How we cite our quotes: (Chapter.Paragraph)
Quote #7
We travelled here in the sealed wagons; we saw our women and our children leave towards nothingness; we, transformed into slaves, have marched a hundred times backwards and forwards to our silent labors, killed in our spirit long before our anonymous death. No one must leave here and so carry to the world, together with the sign impressed on his skin, the evil tidings of what man's presumption made of man in Auschwitz. (4.79)
What does Levi mean by this? What do you think he's referring to when he says "man's presumption"?
Quote #8
The bell rings suddenly for the last ceremony of the day: "Wer hat kaputt die Schuhe?" (who has broken shoes?), and at once the noise of forty or fifty claimants to the exchange breaks out as they rush towards the Tagesraum in desperate haste, well knowing that only the first ten, on the best of hypotheses, will be satisfied. (5.12)

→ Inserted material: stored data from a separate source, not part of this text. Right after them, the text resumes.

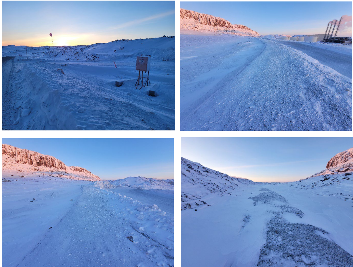
Figure 3. Diversion berm during January 2024
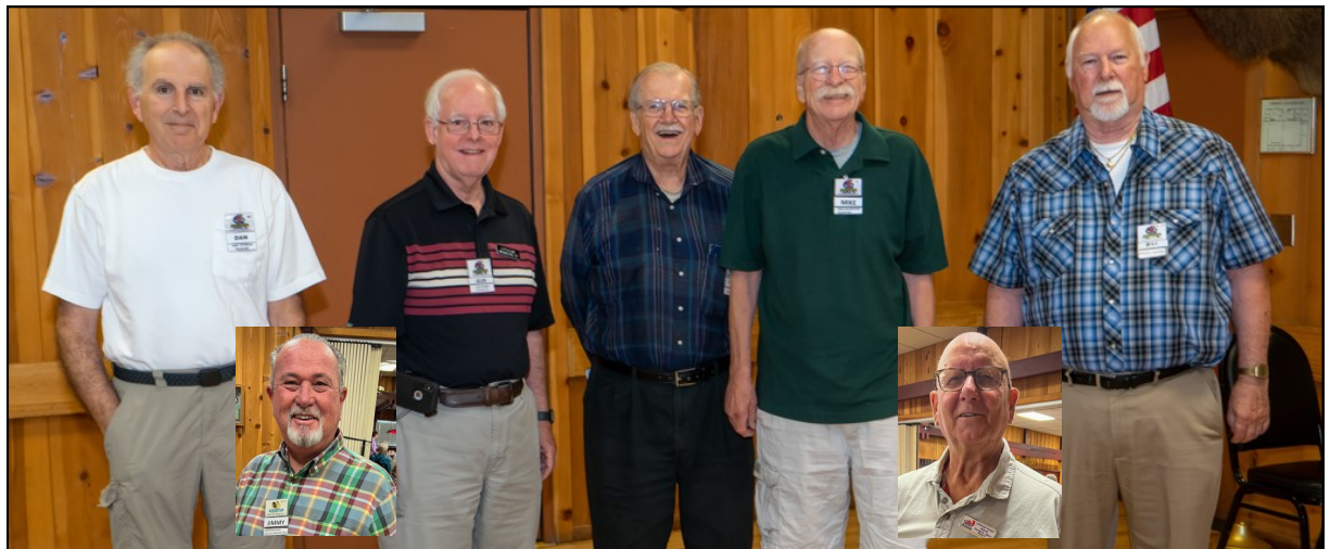
Sirs with birthdays in July who attended.
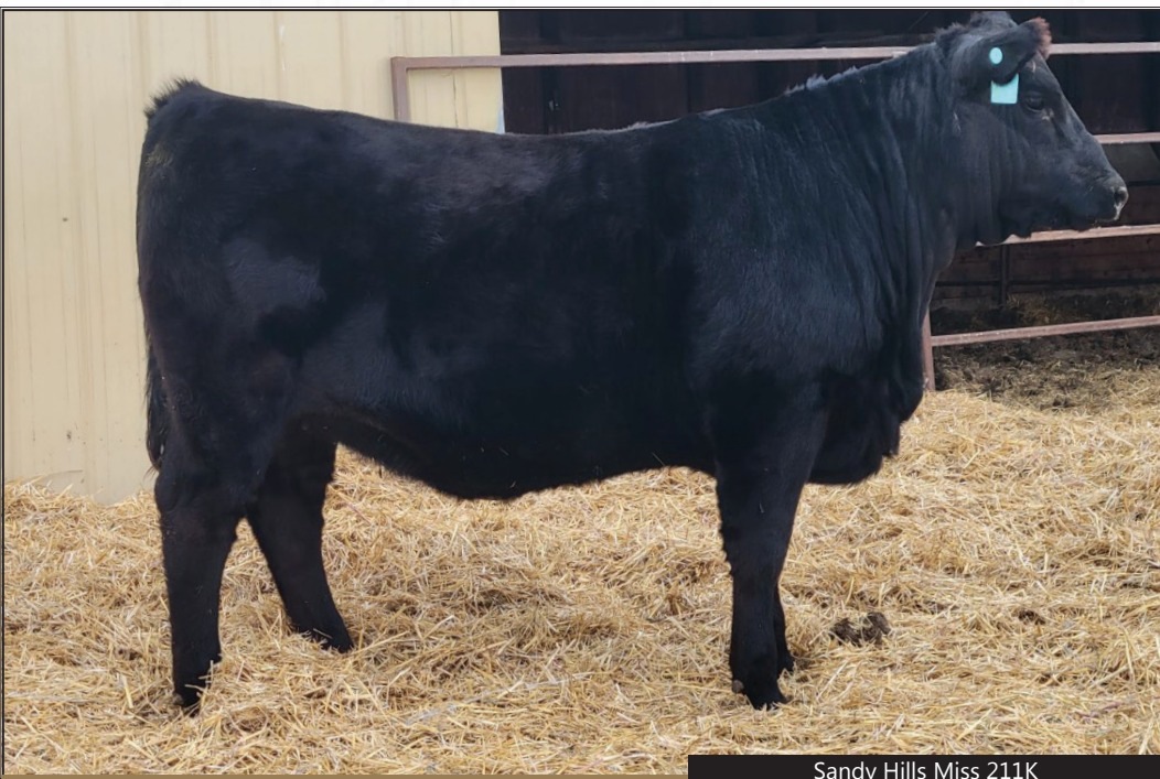
Sandy Hills Miss 211K

If you are looking for a show heifer to hit the road with this is the one for you. Out of the 807G bull, she has got a great disposition, travels great, night low tail head and great depth and performance.
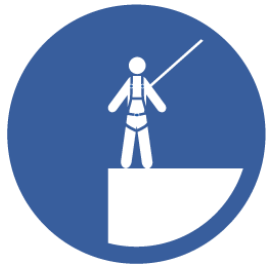
WORKING AT HEIGHT
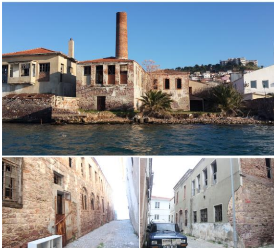
Figure 3: Ertem Olive Oil Factory, top: view from the sea; bottom left: the most elaborated façade; bottom right: entrance façade

Ertem Olive Oil Factory (See Figure 3) is one of the industrial heritage buildings in Ayvalık dating back to 1910 constructed before the population exchange -1923- by a Rum named Anastasyos Yorgolos (Efe et al., 2013: 65). The factory was used by several owners for producing olive oil and by-products. In 1952, the ownership of the factory took over to Ertem Brothers who give the name to the factory itself. Ertems who immigrated from Crete in 1924, was settled in Ayvalık after the population exchange. They were one of the important families that come from olive trade originated family and they operated the factory until 2000 (Efe et al., 2013: 65). Today, the ownership of the factory belongs to a Turkish Doctor who lives in the USA. It is abandoned and under the risk of destruction due to the factors of human and nature since 2000.
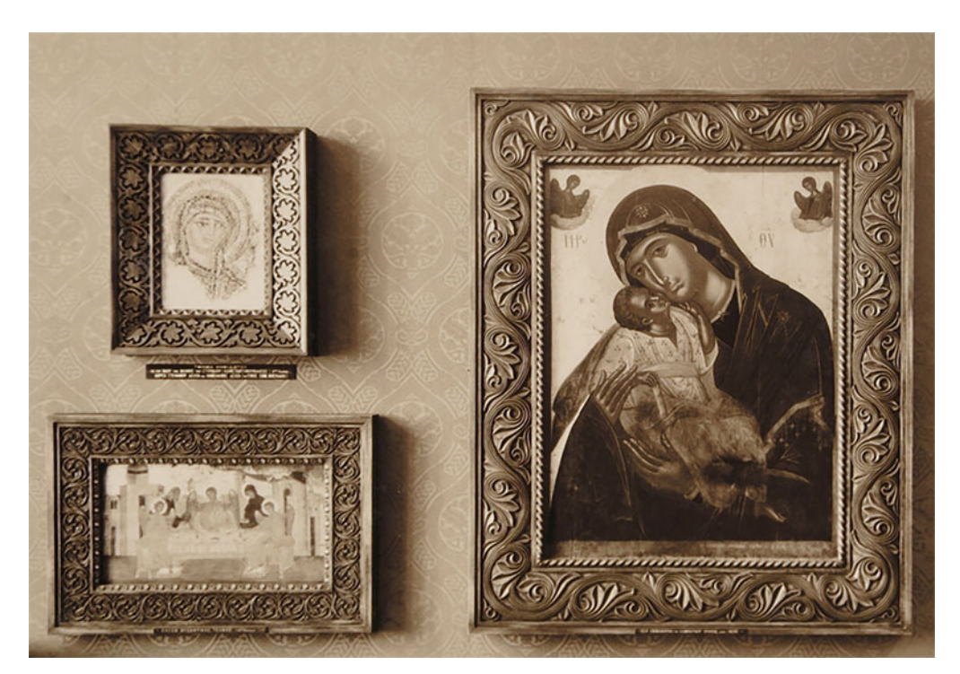
Fig. 7. Benaki Museum (1931), Display of icons in Room \Gamma .

collector, but also with the strategy of promoting icons, particularly Cretan icons, on equal terms in the historiography of European art. At the same time, by setting the icons in new frames Benakis, as a collector, completed the process of appropriation, setting on them his personal stamp. Perhaps nowhere is this more evident than in the Adoration of the Magi by Domenikos Theotokopoulos (El Greco), where the rare original frame was removed (and thankfully kept in storage), to be replaced by a new one, similar to the others. (Fig. 8a-b) The bold presence of the new frames Benakis used for the display of icons and textiles, with their individuality and artistry, almost create a counterpart to the works themselves. No longer simply a parergon –as defined in the philosophical dialogue on frames between Kant and Derrida–<sup>67</sup> these frames make their own meaningful statement bridging the medieval and the modern, and eloquently express preoccupations and perceptions of Benakis' own day.<sup>68</sup> At the same time, by framing
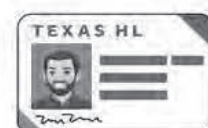
TEXAS HANDGUN LICENSE*
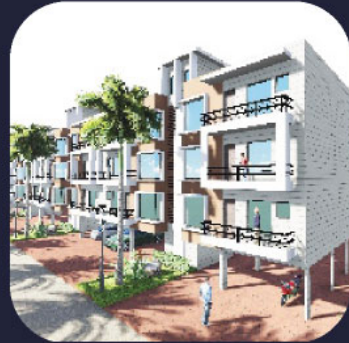
Bollywood Green City Phase 1

Ensuring delivery of successful residential townships: 'Bollywood Heights', 'Bollywood Heights 2' in Peer Muchalla, Zirakpur and an ongoing Green Residential Project of 32+ acres in Sector 113 Mohali, 'Bollywood Green City', where quality lifestyle and environment are relished by more than 500 families.
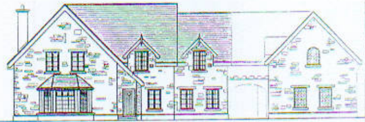
SITE ELEVATION Scale 1:200
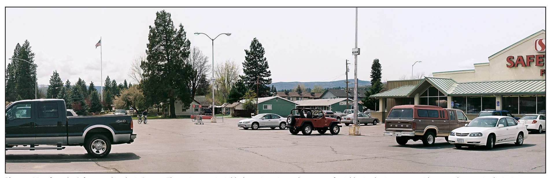
Photo 5. View from the Safeway parking lot in Burney. The project area is visible, but orientation and presence of neighboring businesses or residences and vegetation limit views.
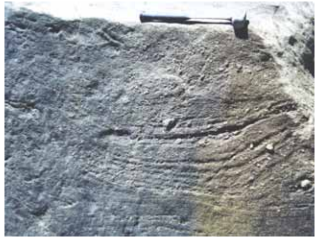
Figure 6 – Fine and laminated conglomerate, showing convolute structure and badly sorted typical of distal alluvial fan facies.

The outcrops related to that facies present rougher surfaces, even when submitted to continuous reworking by river waters.
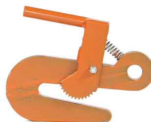
Safety Pipe Hooks SPH-03

Designed to grip pipe or casing for hands free operation.
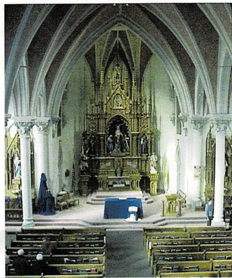
The handsome gothic interior of St. Michael's Church
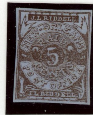
5¢ Counterfeit Fleur-de-lis at bottom left in shape of a hand
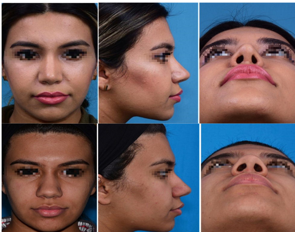
Fig. 2. A) .Patient with thick skin before surgery (first row). B) One year after rhinoplasty with nasal tip defatting (second row)
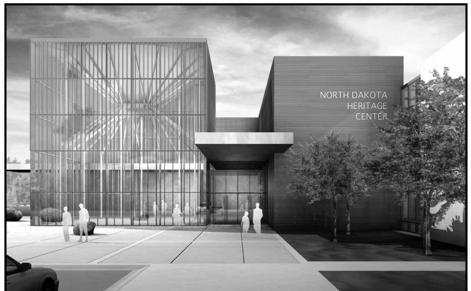
This is the new front entrance to the expanded North Dakota Heritage Center shown from the north on the State Capitol Grounds in this artist's rendering.
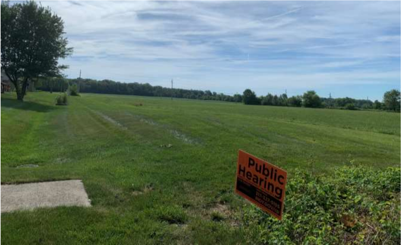
Phot of the subject site looking east towards Carroll Road.
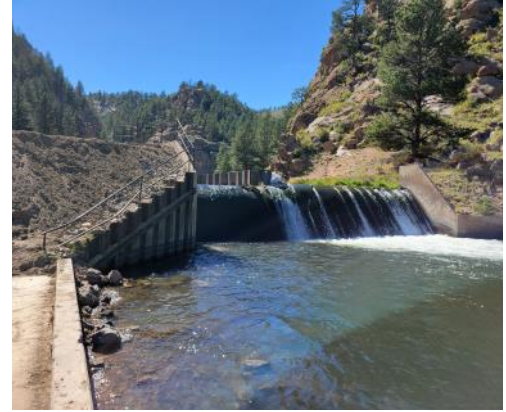
Lake George diversion dam before removal

Provide leadership to pursue appropriate recreational management opportunities
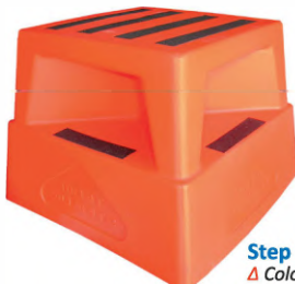
Step Up △ Colours Yellow & Orange

△ Made of Rotomould Plastic for Heavy Duty Use △ Full Stability Without Top Bowing, Will Not Bend or Sag
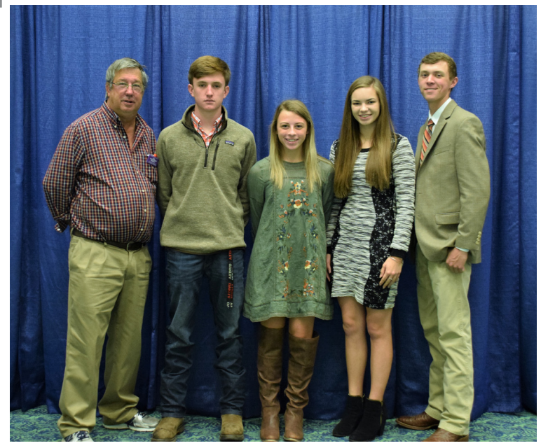
▲ The National 4-H Livestock Judging Contest was held November 13-15, 2017 at the North American International Livestock Exposition (NAILE) in Louisville, Kentucky
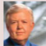
LOU DOBBS TONIGHT
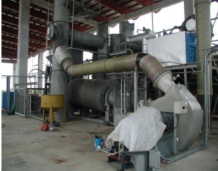
BIR 375 : 900 kg/h, Singapore + Wet scrubber
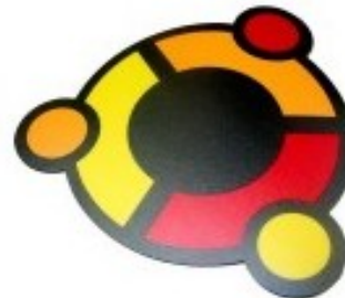
Ubuntu Mouse Mat € 4.98
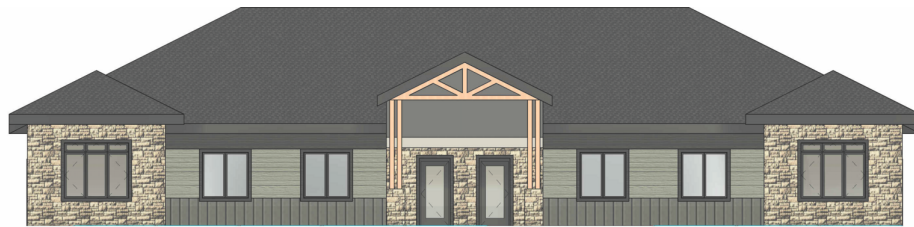
① B1 East 3/32" = 1'-0"
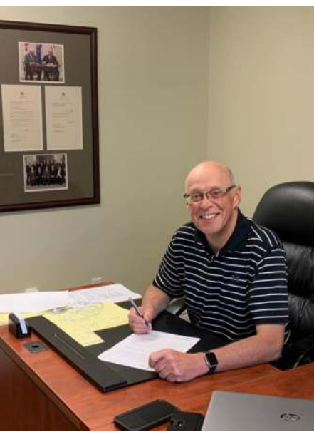
Minister Haggie signing the provincial proclamation of FASD Awareness Week.
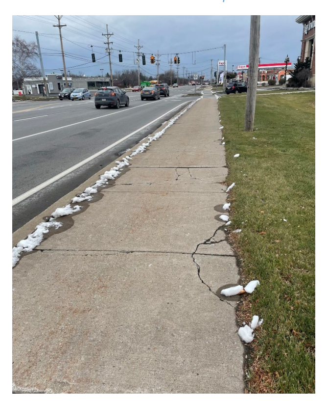
Some cracking on sidewalk
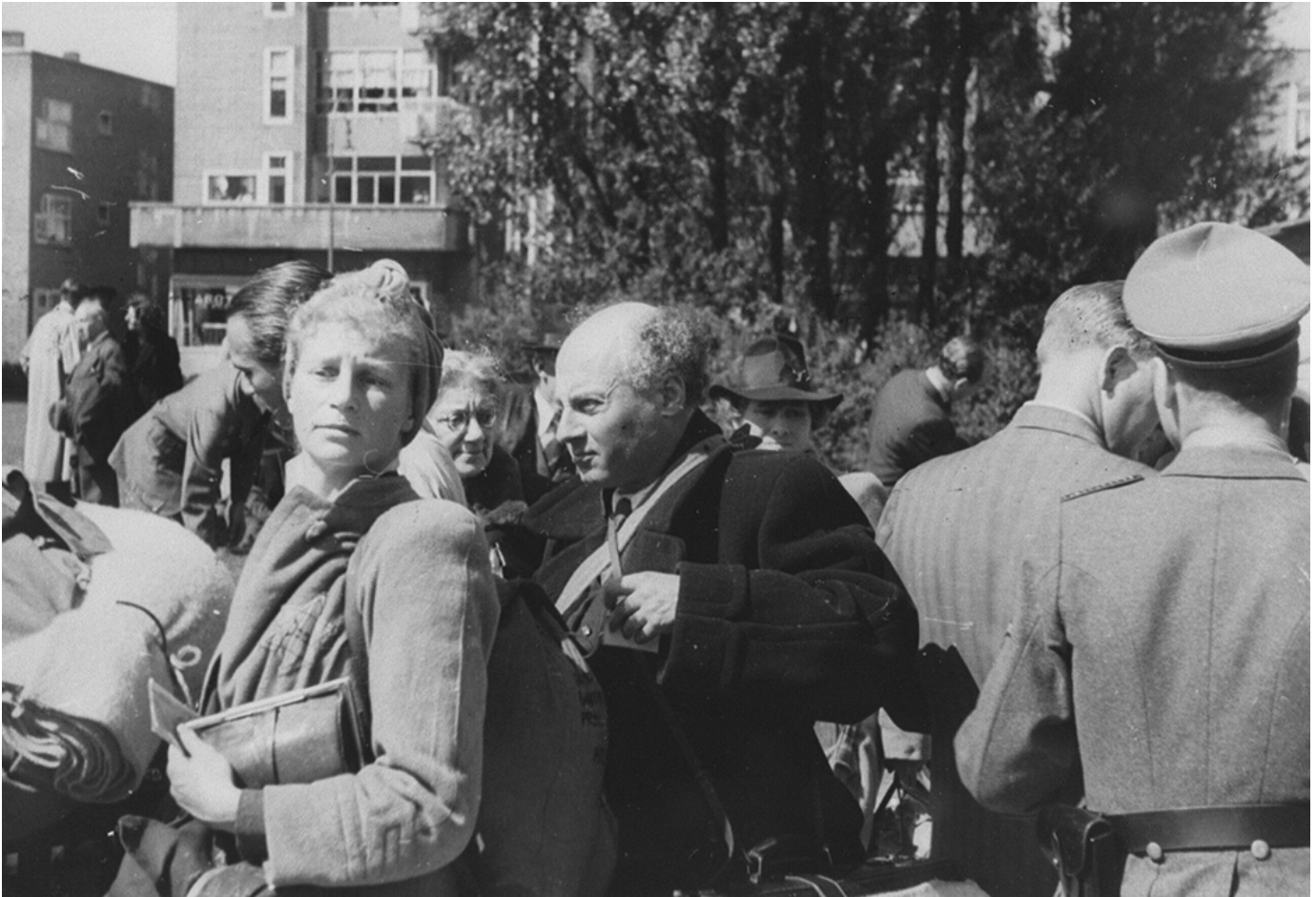
Amsterdam Jews await deportation to the Nazi transit camp in Westerbork, the Netherlands, on June 20, 1943. A member of the German Security Police can be seen at right.

"Ceremony" here is almost certainly ironic. Think about what a ceremony entails: it's usually a careful, reverent ritual that commemorates some momentous event, like a graduation ceremony. Here, the ceremony is for choosing shoes. And it's far from a careful undertaking. Instead, the prisoners get a few seconds to look at a pile of shoes and choose two that they think will fit. Remember how important shoes are: poorly-fitting ones can spell death for their owner. This makes the shoe-changing ceremony fraught with all kinds of dangers.
Quote #9
In conclusion: theft in Buna, punished by the civil direction, is authorized and encouraged by the SS; theft in camp, severely repressed by the SS, is considered by the civilians as a normal exchange operation; theft among Häftlinge is generally punished, but the punishment strikes the thief and the victim with equal gravity. We now invite the reader to contemplate the possible meaning in the Lager of the words "good" and "evil," "just" and "unjust"; let everybody judge, on the basis of the picture we have outlined and of the examples given above, how much of our ordinary moral world could survive on this side of the barbed wire. (8.28)
Normal morality and ethics just cannot be applied to the goings on in Auschwitz. Everyone has to do what they must to survive. Also notice how Levi lapses into "we" here. He's using a collective voice that emphasizes the "bearing witness" aspect of his text.